Records drawn from a dataset
----------

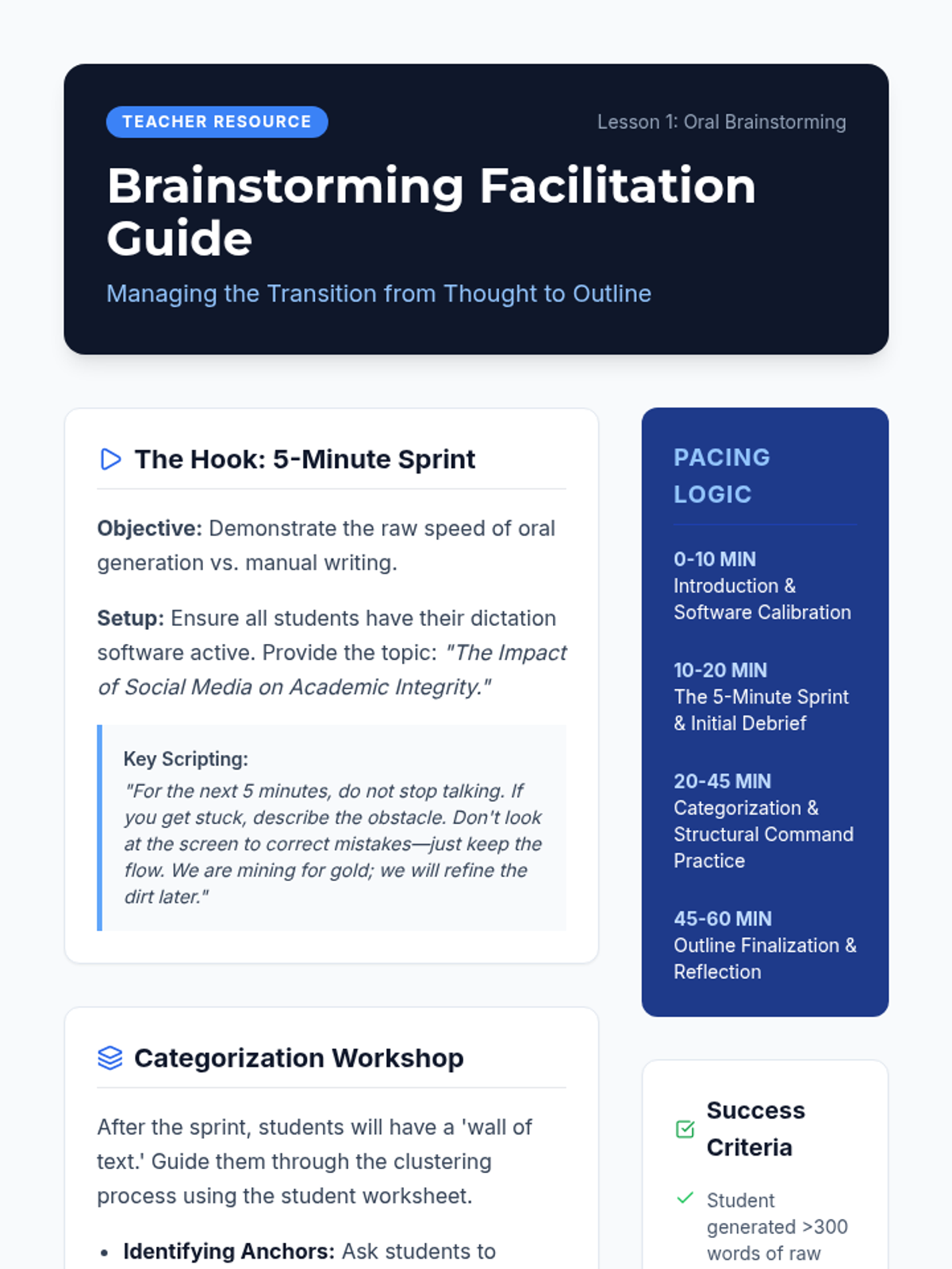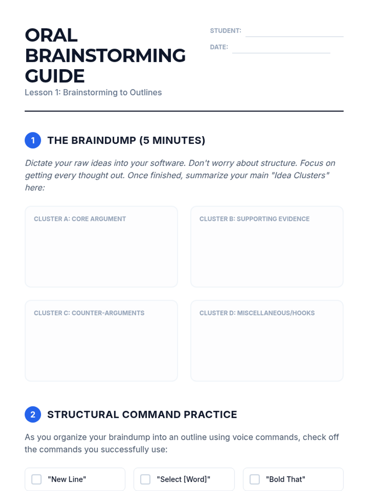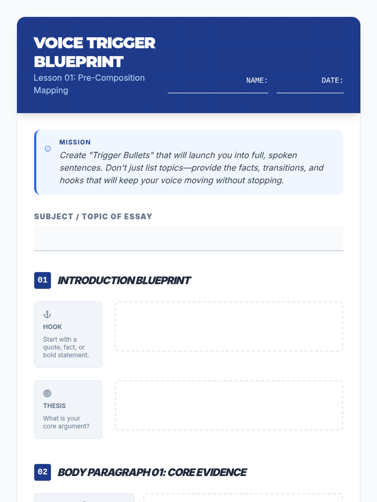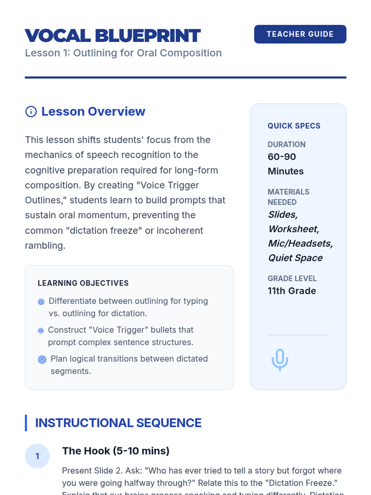 A comprehensive project-based sequence for 11th-grade students to master academic composition using speech recognition technology. Students learn to outline for oral delivery, manage the drafting process, and refine dictated text into professional academic essays.
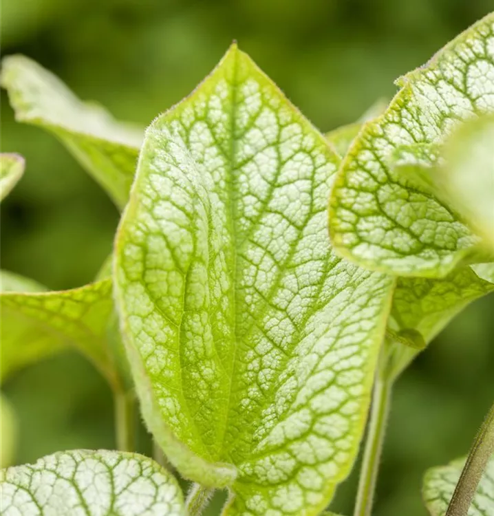 Hoher Blattschmuckwert. Die sommergrünen Blätter des Kaukasus-Vergissmeinnichts sind dunkelgrün, herzförmig.
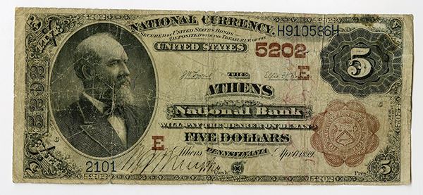 Athens, Pennsylvania. $5, Issued banknote, S/N 2101-H910586H, VG condition.
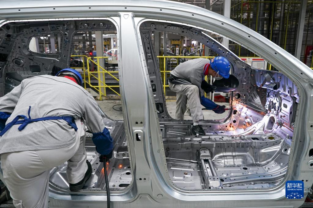 11月9日,工人在位于安徽省蕪湖市的奇瑞汽車智能網聯超級一工廠生產線上工作。
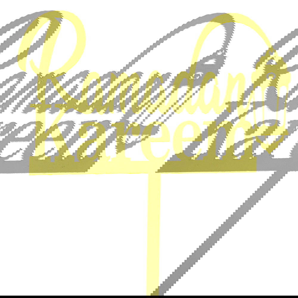 Dimensions: 5 x 5.5 inches. Sleek gold finish. Elegant addition to any Ramadan celebration. Celebrate in style with our Ramadan Kareem Cake Topper.
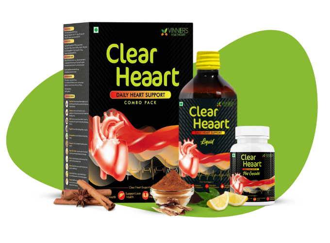 Helping Reduce Blockages, Cholesterol, and Triglyceride Levels, and Improves your Liver and kidney Functions. Reduce Tiredness, Chest Discomfort, Numbness, Weakness, and Shortness of Breathwitness. visible results in your heart health journey. Clear Heaart’s natural approach delivers noticeable improvements, ensuring a stronger, healthier heart.
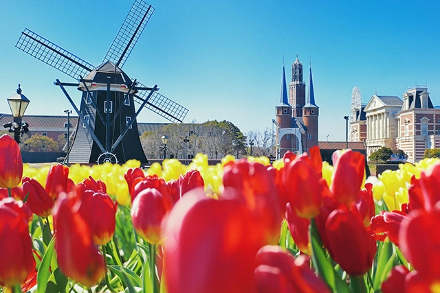 九州・長崎を代表するエンターテインメント施設「ハウステンボス」。四季折々の花々に囲まれ、オランダの風景と相違ない美しい街並みや運河、煉瓦造りの建物群を1年中通して楽しめます。園内全体の素敵な雰囲気は、爽やかな日中の散歩にも、ロマンチックな夜のライトアップにも、一日中それぞれ違った魅力が満喫できます。
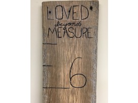 Made from hundred year old barnwood, this growth ruler is perfect to watch your children or grandchildren grow. You can use a sharpie to mark on the board. It is a great reminder that we are loved beyond measure.

----------

*Exercise goal*. All that is wanted is the lines above between the one containing "11月9日,工人在位于安徽省蕪湖市的奇瑞汽車智能網聯超級一工廠生產線上工作。" and the one containing "Dimensions: 5 x", inclusive, restated word for word, with pictures omitted.

*Response to this exercise*.
 11月9日,工人在位于安徽省蕪湖市的奇瑞汽車智能網聯超級一工廠生產線上工作。
 Dimensions: 5 x 5.5 inches. Sleek gold finish. Elegant addition to any Ramadan celebration. Celebrate in style with our Ramadan Kareem Cake Topper.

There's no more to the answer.